FIG. 3 is a schematic diagram of a network structure after an Attention network proposed by the present invention is added in a preferred embodiment disclosed in the present invention;

FIG. 4 is a schematic network structure of the Attention-MAC trademark image retrieval model proposed by the present invention in a preferred embodiment disclosed in the present invention;

FIG. 5 is a search flow chart for trademark detection using the Attention-MAC trademark image search model in a preferred embodiment of the present disclosure.

Detailed Description

The technical solutions in the embodiments of the present invention will be clearly and completely described below with reference to the drawings in the embodiments of the present invention, and it is obvious that the described embodiments are only a part of the embodiments of the present invention, and not all of the embodiments.

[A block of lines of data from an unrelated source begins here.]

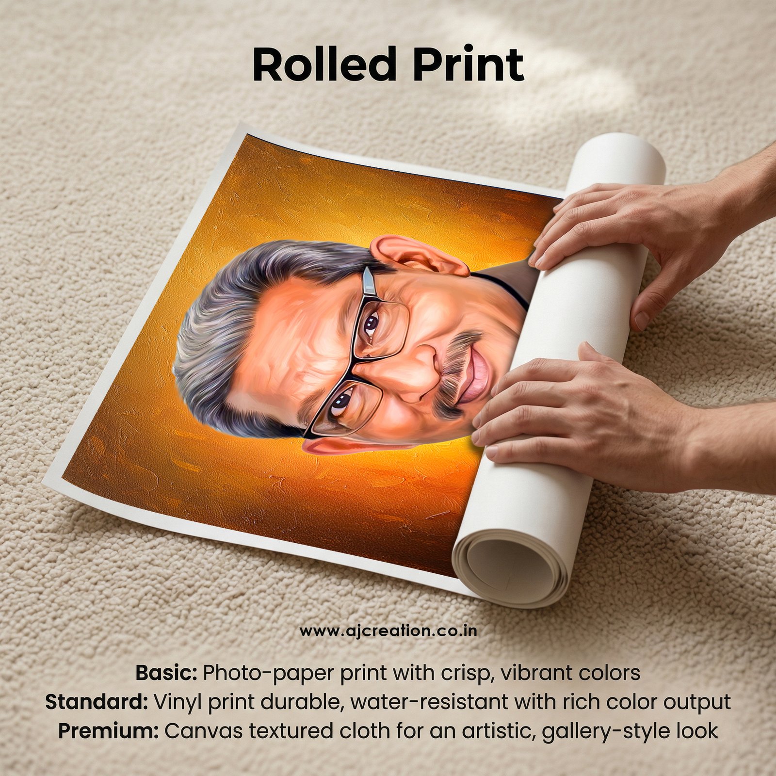Rolled Print (Print Only – No Frame) :  Premium printed sheet without frame/board; safely rolled in a tube; perfect for custom framing.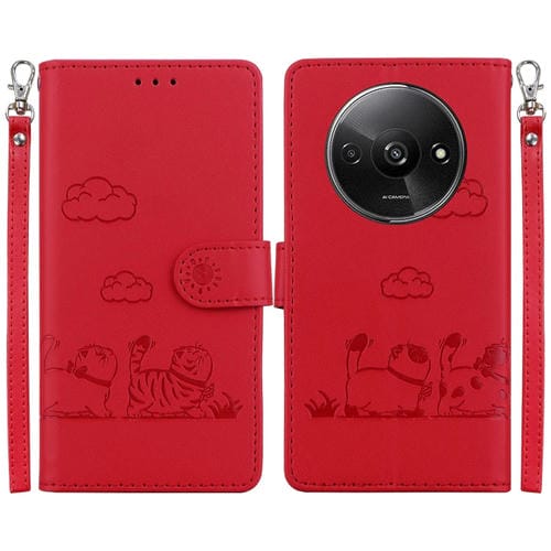 Funda de Cuero Rfid con Diseño de Gatos para Redmi A3 (Roja)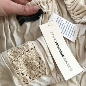 Cinched waist, and crochet details. Can be worn on or off shoulder.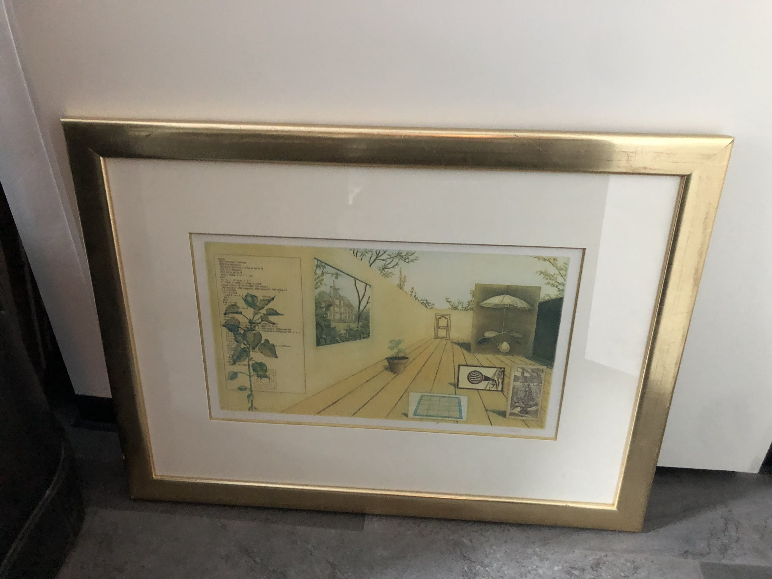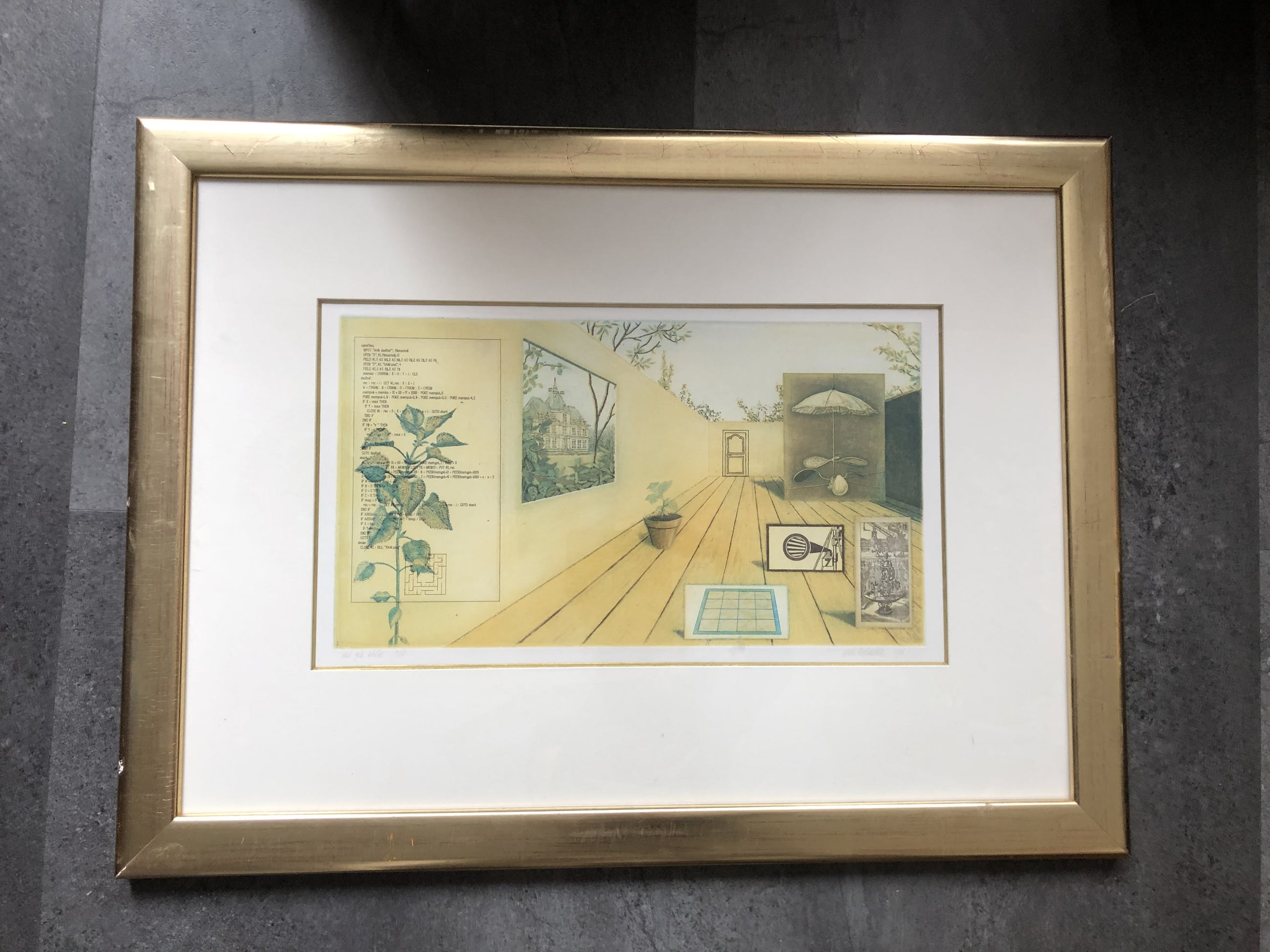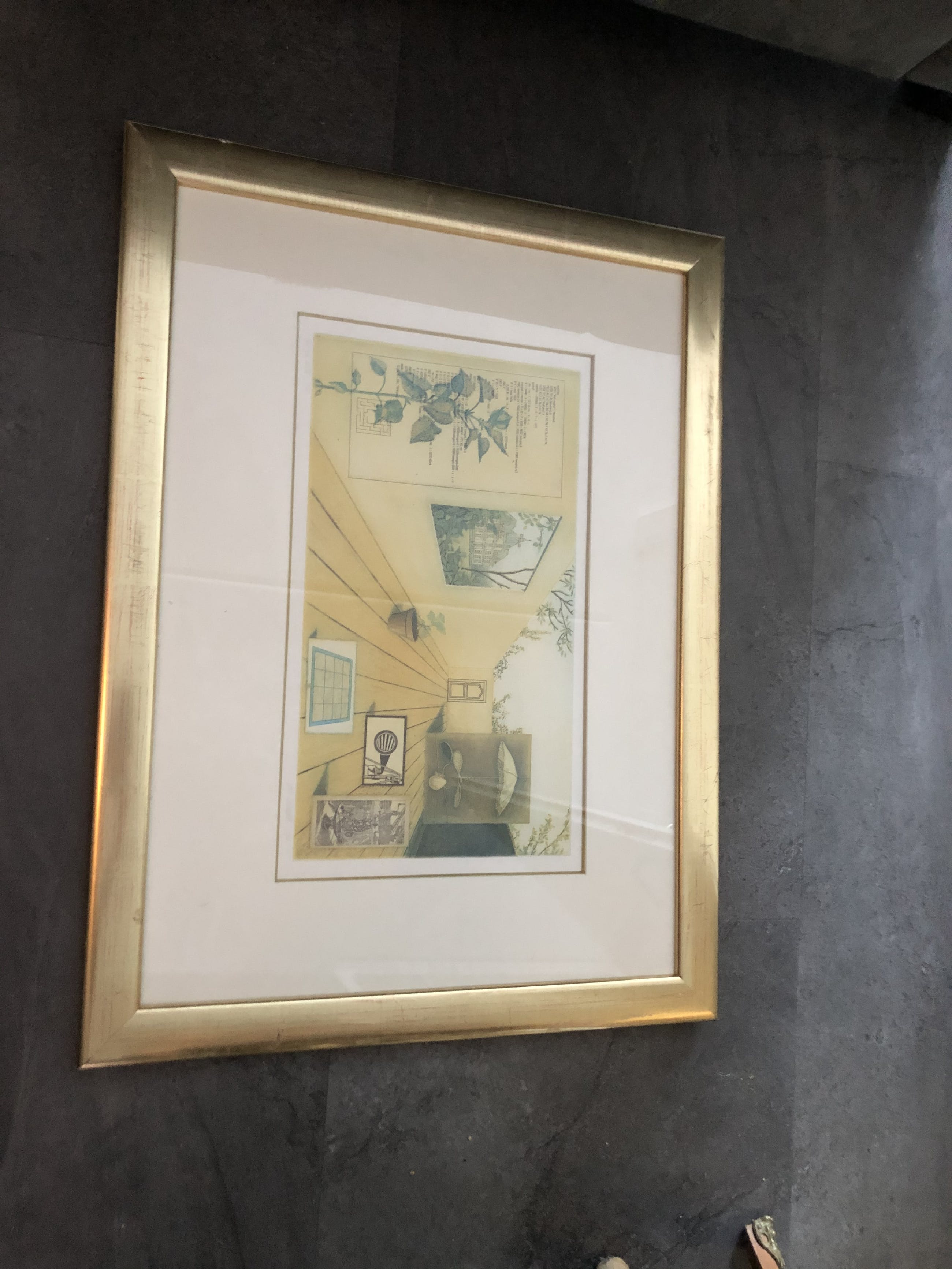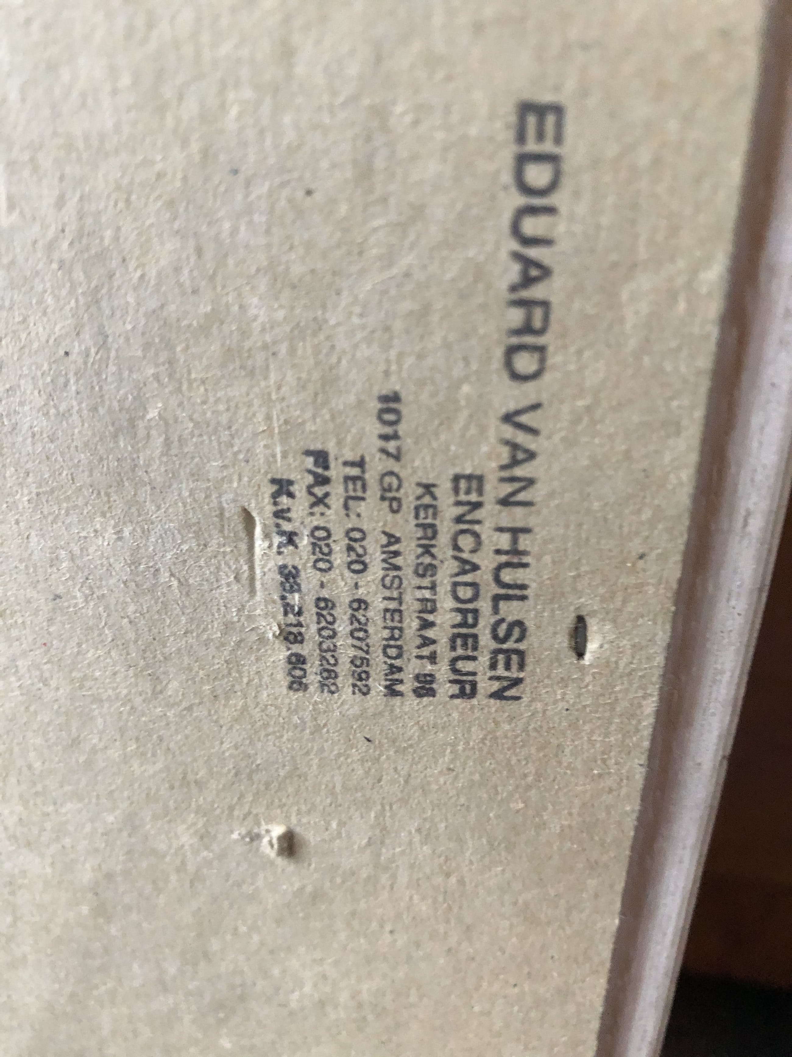 Kunstwerk is in zeer goed staat achter glasplaat, lijstrand is beschadigd.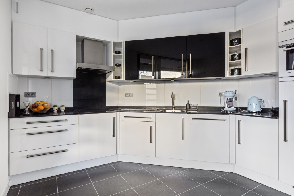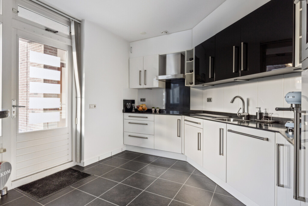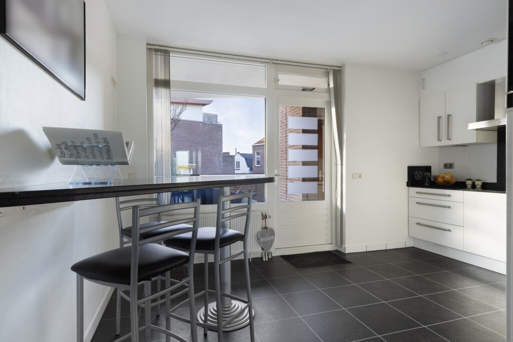 De half open keuken is aan de achterzijde gelegen, ruim van formaat, oogt heel licht door het grote raam aan de zuidkant en diverse inbouwapparatuur:

All other embodiments, which can be derived by a person skilled in the art from the embodiments given herein without making any creative effort, shall fall within the protection scope of the present invention.

In the description of the present invention, it is to be understood that the terms "longitudinal", "lateral", "upper", "lower", "front", "rear", "left", "right", "vertical", "horizontal", "top", "bottom", "inner", "outer", and the like, indicate orientations or positional relationships based on those shown in the drawings, and are used merely for convenience of description and for simplicity of description, and do not indicate or imply that the referenced devices or elements must have a particular orientation, be constructed in a particular orientation, and be operated, and thus, are not to be construed as limiting the present invention.

In the description of the present invention, unless otherwise specified and limited, it is to be noted that the terms "mounted," "connected," and "connected" are to be interpreted broadly, and may be, for example, a mechanical connection or an electrical connection, a communication between two elements, a direct connection, or an indirect connection via an intermediate medium, and specific meanings of the terms may be understood by those skilled in the art according to specific situations.

The invention provides a rapid trademark image retrieval method based on an Attention mechanism and a convolutional neural network, which comprises the following steps as shown in figure 1:

Preferably, the step S1 includes the steps of:

Preferably, the step S2 includes the steps of:

Preferably, the step S3 includes the steps of:

Preferably, the step S4 includes the steps of:

Preferably, the step S5 includes the steps of:

Preferably, the step S1-2 includes the steps of:

Preferably, the step S5-1 includes the steps of:

FIG. 2 is a schematic diagram of a network structure of a pre-trained VGG16 network model in a preferred embodiment of the present disclosure, wherein the selected VGG network model includes 13 convolutional layers and 3 fully-connected layers; the result of training on the ImageNet dataset is to output 1000 classification categories.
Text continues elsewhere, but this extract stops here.